The median age in the city was 49.1 years. 20.8% of residents were under the age of 18; 6.6% were between the ages of 18 and 24; 17% were from 25 to 44; 28% were from 45 to 64; and 27.6% were 65 years of age or older. The gender makeup of the city was 47.1% male and 52.9% female.

===2000 census===
As of the census of 2000, there were 319 people, 154 households, and 83 families residing in the city. The population density was 79.4 PD/sqmi. There were 201 housing units at an average density of 50.1 /sqmi. The racial makeup of the city was 96.87% White, 1.25% from other races, and 1.88% from two or more races. Hispanic or Latino of any race were 1.25% of the population.

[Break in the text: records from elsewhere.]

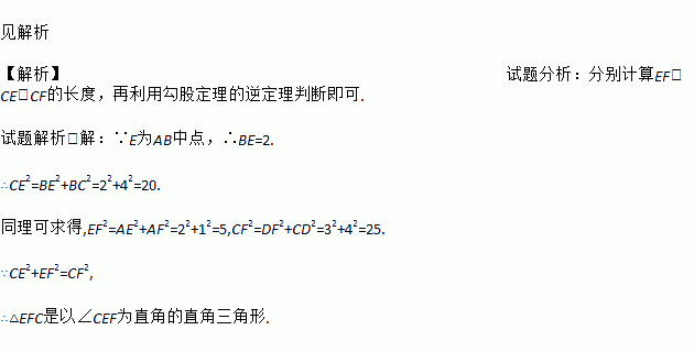如图,已知正方形ABCD的边长为4,E为AB中点,F为AD上的一点,且AF=AD,试判断△EFC的形状.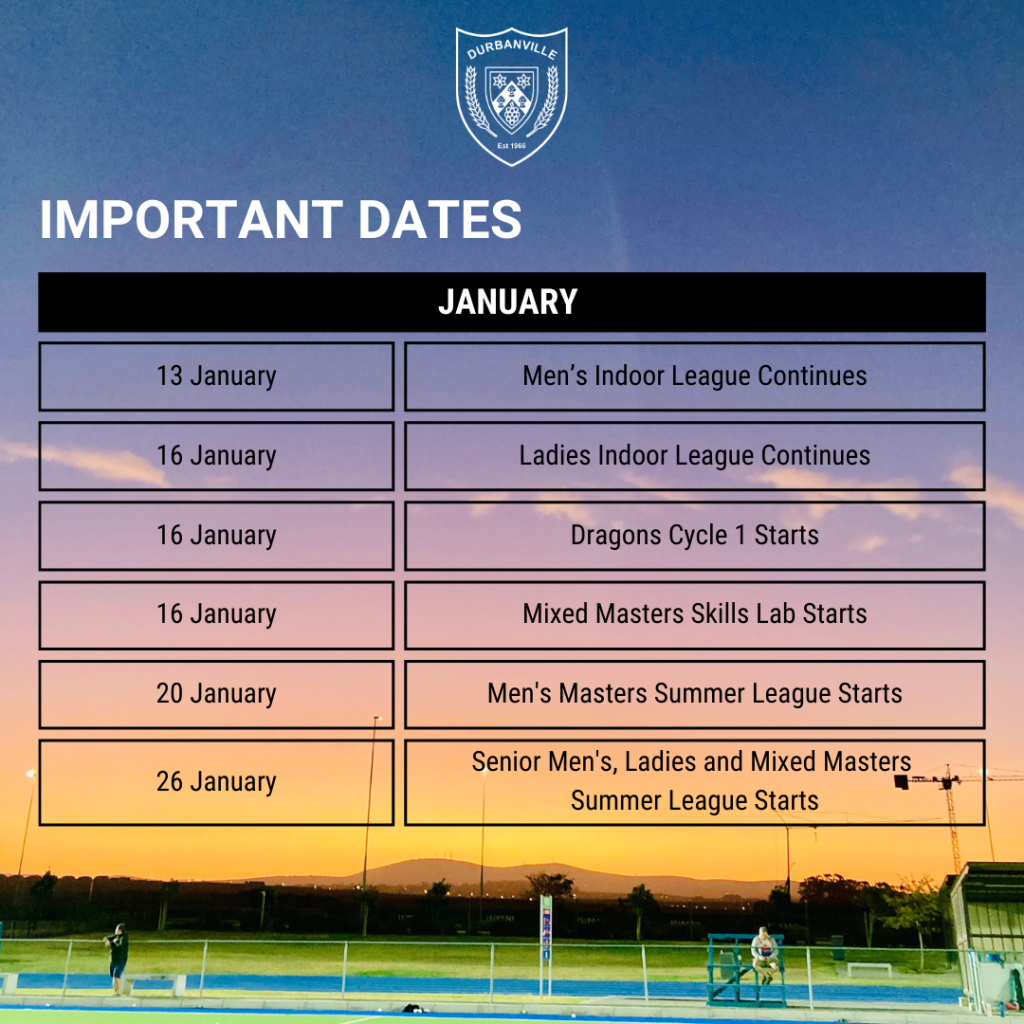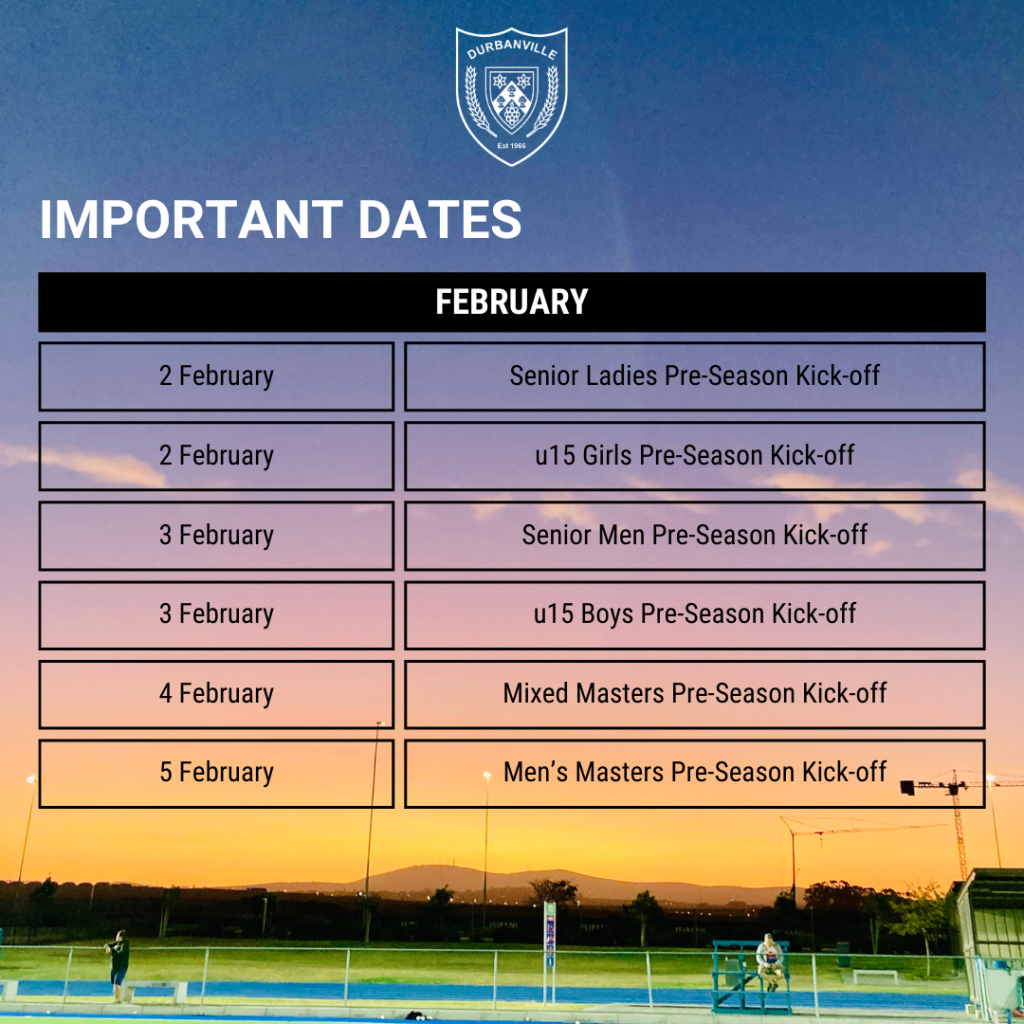 Pre-Season & TrialsSign ups for 2026! Senior Ladies, Senior Men, Men’s Masters,Mixed Masters, u15 Boys and u15 Girls The following age groups are available to join at the club: Masters: Turning 35 years or older in 2026 Seniors: Turning 16 years or older in 2026 U15: Turning 14 or 15 years old in 2026 Which section are you signing up for? Men's Masters A LeagueMen's Masters B LeagueMixed MastersSenior LadiesSenior MenGirls U15Boys U15 Did you play for Durbanville Hockey Club in 2025? YesNo First name: Surname: Mobile/Whatsapp (number of parent/guardion if younger than 18): Your email: Your birthdate (year/month/day): Preferred playing position? GoalkeeperDefenderMidfielderStriker What is the highest league you have played in? If you played club level what league/team did you play in and if you are a scholar what school league/team did you play in.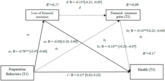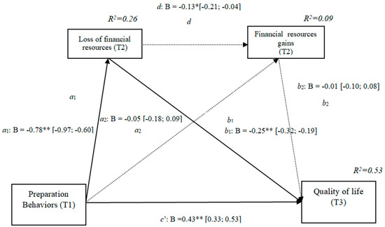 The results show that the only significant indirect effect was through financial losses, as it did not include the value 0 in the 95% confidence intervals (preparation behaviors–financial losses–quality of life [0.12, 0.29]), whereas the indirect effects through the mediation of gains and of losses and gains concurrently were not significant. The results of the serial mediation account for a partial effect PM = 0.30 of the total effect. The comparison between the various effects the mediation of the loss of financial resources on the quality of life was significant, both separately and when subtracting the mediation of gains (path c1) and of losses and gains conjointly (Path c2). Therefore, these findings support Hypothesis 3d. In Figure 5, the non-standardized B coefficients, the significance level, and confidence interval are shown. Comparisons between the indirect effects are presented in Table 5.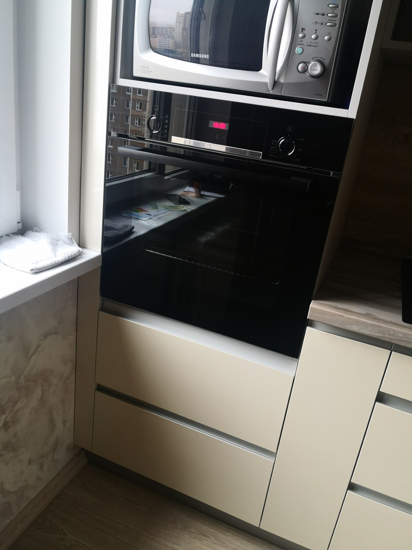 Прямая белая кухня с пеналом для техники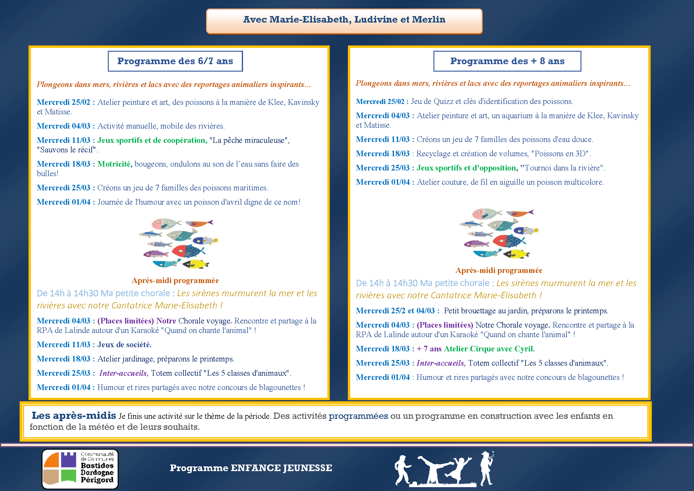 Mercredis 25 fevrier – 01 avril 2026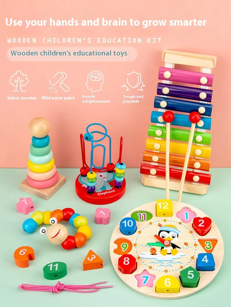 9-piece set: (sand board+sand hammer+four sets ofcolumns+caterpillar+rainbow tower set+hand chime+penguin clock+percussion+small beads+) 1kg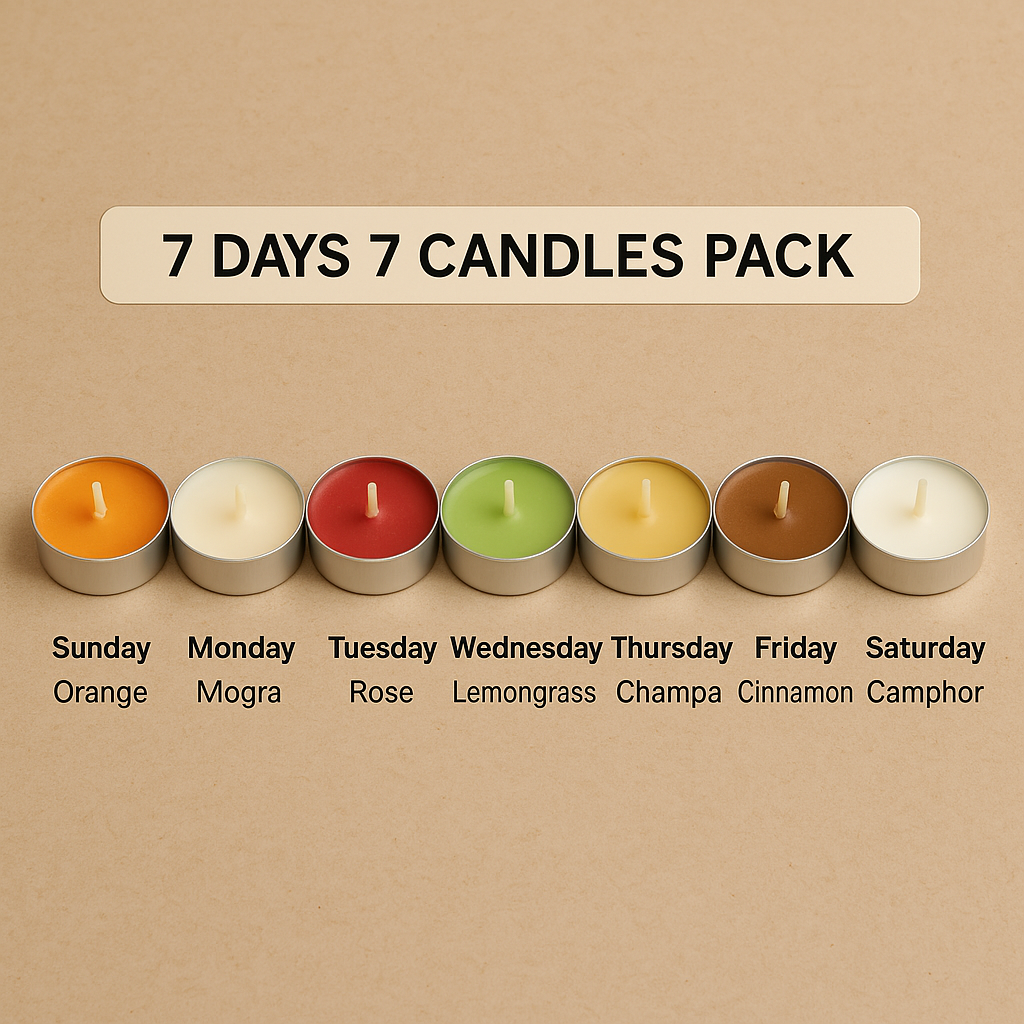 Illuminate your spiritual journey with our 7 Days 7 Candles Pack, a collection of handcrafted T-Light Candles made from pure natural wax and premium essential oils. Each candle is meticulously designed to align with the spiritual energy of the day, invoking divine blessings and positive vibrations.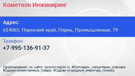 Кометкон-Инжиниринг по адресу 614065, Пермский край, Пермь, Промышленная, 79 в дальнейшем Организация, размещена в следующих категориях: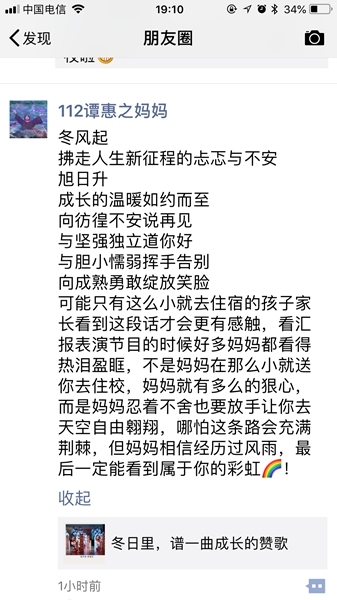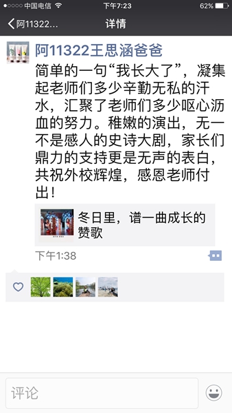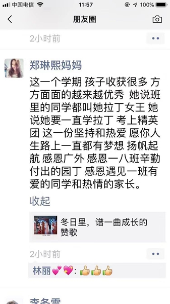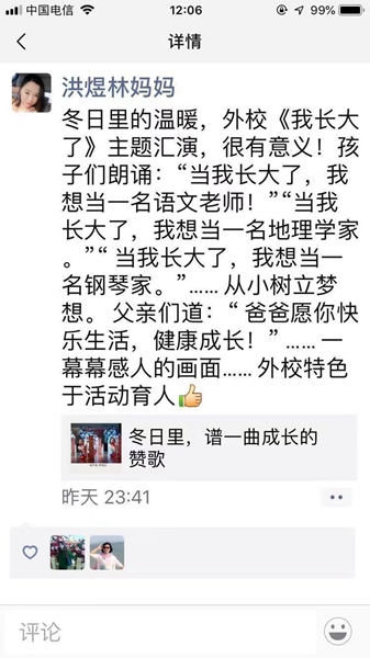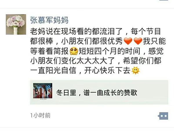 开学初哭鼻子的小豆豆,如今已是自信、阳光、独立一年级学生;往昔摇摇生长的小树,已经渐渐挺拔。回顾孩子们一学期来在外校的点点滴滴,成长的花香动人心弦。无声的岁月中,成长得以你我见证。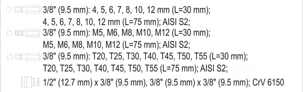 Torx: T20 /T25 /T30 /T40 /T45 /T50 /T55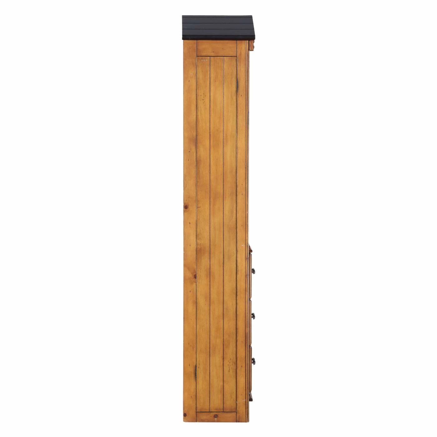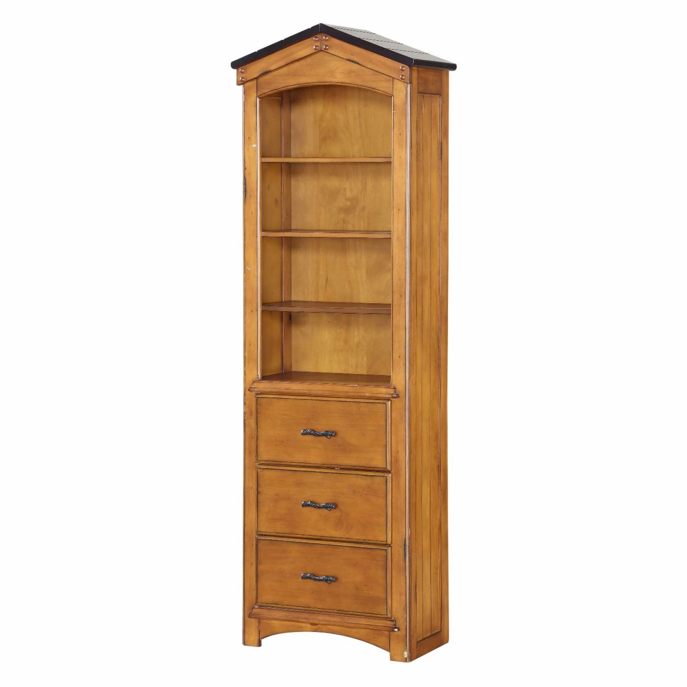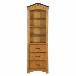 A roof, plank style sides, and branch handles make the Acme Furniture Tree House Bookcase look like it belongs in a treehouse. This tall bookcase doesn’t take up much floor space yet it offers four spacious shelves for books and collectibles, plus three roomy drawers to help keep things tidy. The bookcase is built of wood and veneers in an oak finish with dark oak roof.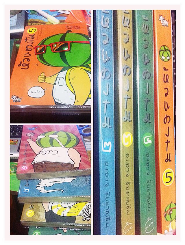 หัวแตงโมเล่ม1-5 ค่ะ รู้สึกเสียใจนิดหน่อย ที่เล่ม 5 เปลี่ยนรูปแบบปก ดูไม่เข้าชุดเลย T^T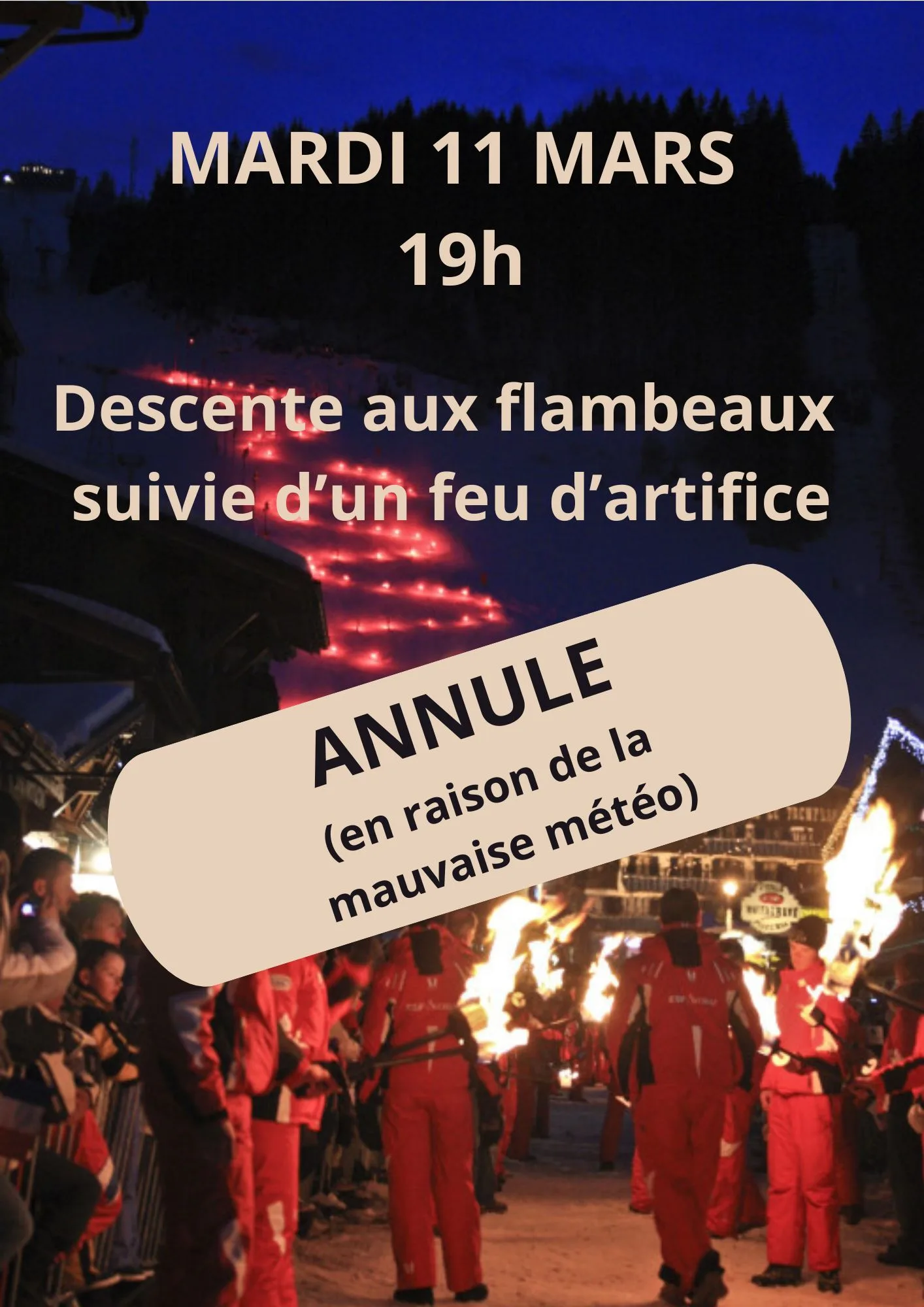 Annulée en raison des mauvaises conditions météo / Descente aux flambeaux des moniteurs de l'ESF et feu d'artifice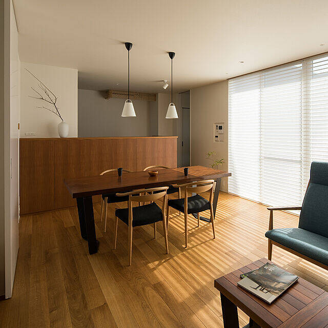 たくさんの日光が入ってくる、広々したリビングの実例です。ミニマムに抑えられた家具は深めのブラウンで、落ち着きあるテイストに仕上がっていますね。最低限の家具だけを置くことで、フロアや家具のナチュラルな質感がぐっと引き出され、自然の癒しを感じられます。

There were 154 households, out of which 23.4% had children under the age of 18 living with them, 44.2% were married couples living together, 8.4% had a female householder with no husband present, and 45.5% were non-families. 44.8% of all households were made up of individuals, and 30.5% had someone living alone who was 65 years of age or older. The average household size was 2.07 and the average family size was 2.92.

In the city, the population was spread out, with 23.5% under the age of 18, 5.6% from 18 to 24, 22.6% from 25 to 44, 16.9% from 45 to 64, and 31.3% who were 65 years of age or older. The median age was 43 years. For every 100 females, there were 85.5 males. For every 100 females age 18 and over, there were 78.1 males.

The median income for a household in the city was $19,722, and the median income for a family was $23,056. Males had a median income of $16,806 versus $21,000 for females. The per capita income for the city was $11,754. About 16.3% of families and 21.7% of the population were below the poverty line, including 26.3% of those under age 18 and 19.0% of those age 65 or over.